With namespaces embedded in the package name, it’s easy to tell everyone “you must use <our prefix>: at the start of your package name”. It’s almost as easy to tell everyone “set --index-url to <our feed>”.

It’s very complicated to communicate to a large, distributed group of people that they should avoid creating name conflicts, keep track of new conflicts as they arise, correctly configure install commands to prefer internal packages, diagnose issues caused by misconfigurations that pulled down the wrong package, etc.

I personally get called in to help diagnose pip install failures due to network flakiness, which you’d think wouldn’t take a specialist to figure out (it’s right there in the log output ), but many smart engineers treat this stuff as a big black box. An install failure is outside of their area, and so they don’t care to dig any deeper.

The simpler the rules to follow, the more likely they are actually followed, and “use a prefix” is much simpler than what we have to use today (which includes “avoid PyPI when possible”…)

westurner · November 6, 2020, 2:21pm

So, there are currently two namespaces. Please correct this terminology early:

Index server Package URL/URNs (wherein prefixeless names default to any of the specified index servers as a prefix; and the index server enforces uniqueness)
The module namespace (where nothing - at all - enforces uniqueness or detects collisions). This is how e.g. pdbpp so easily shadows stdlib pdb, for example.

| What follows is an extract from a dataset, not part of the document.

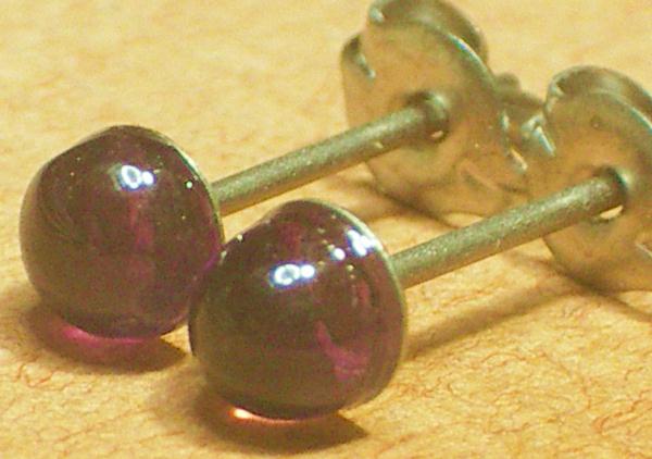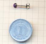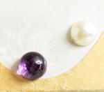 石は天然石アメジストです。大きさは4ミリでございます。半円タイプ(玉を半分に切った形)です。石の色は濃淡のあるむらさきでございます。

It is very confusing to discuss the separate module namespace and package index namespaces.

…

Caching proxies don’t care that the DNS is wrong or the package index is being MITM or DOS’d so pip chose the next index server on the list: application-unaware caching proxies will gladly overwrite a signed package with an unsigned package with the same name from a different backend server.

We should ask the TUF team how intentional name collisions, index priorities, and/or index server package groups can work with package signing.

Should PyPI detect colliding namespaces within uploaded packages?
Should PyPI support groups, or can you just create a package which installs those specific dependencies; a setup.py that calls pip install requirements.lock.signed.txt? Why would that be suboptimal?
Could requirements.txt simply tag succeeding entries with the most recently specified (or default) -i/–index-server?
Could there be a new option to specify the default and alternate package URI curies (similar to JSON-LD @context) in a per-package way?
It’s trivial to specify a repo priority with eg apt and yum, so we should expect users to ask for index server priorities; which requires new arg/conf parsing and a change to how the solver is called, AFAIU

steve.dower · November 6, 2020, 2:23pm

Agreed. This thread so far has been all about the package index namespace.

What happens after packages are installed is nicely flexible, and it’s one of Python’s more powerful features/conveniences. Nobody here is proposing any changes to that.

sinoroc · November 6, 2020, 3:01pm

To make it a bit more concrete, let’s say that we know that App depends on Lib, but the Lib that is on PyPI does not work in our environment (for whatever reason), so we have our own private fork of Lib that we distribute privately only, on our own internal index. Basically it is the same Lib, but with additional patches (that we can not upstream for whatever reason).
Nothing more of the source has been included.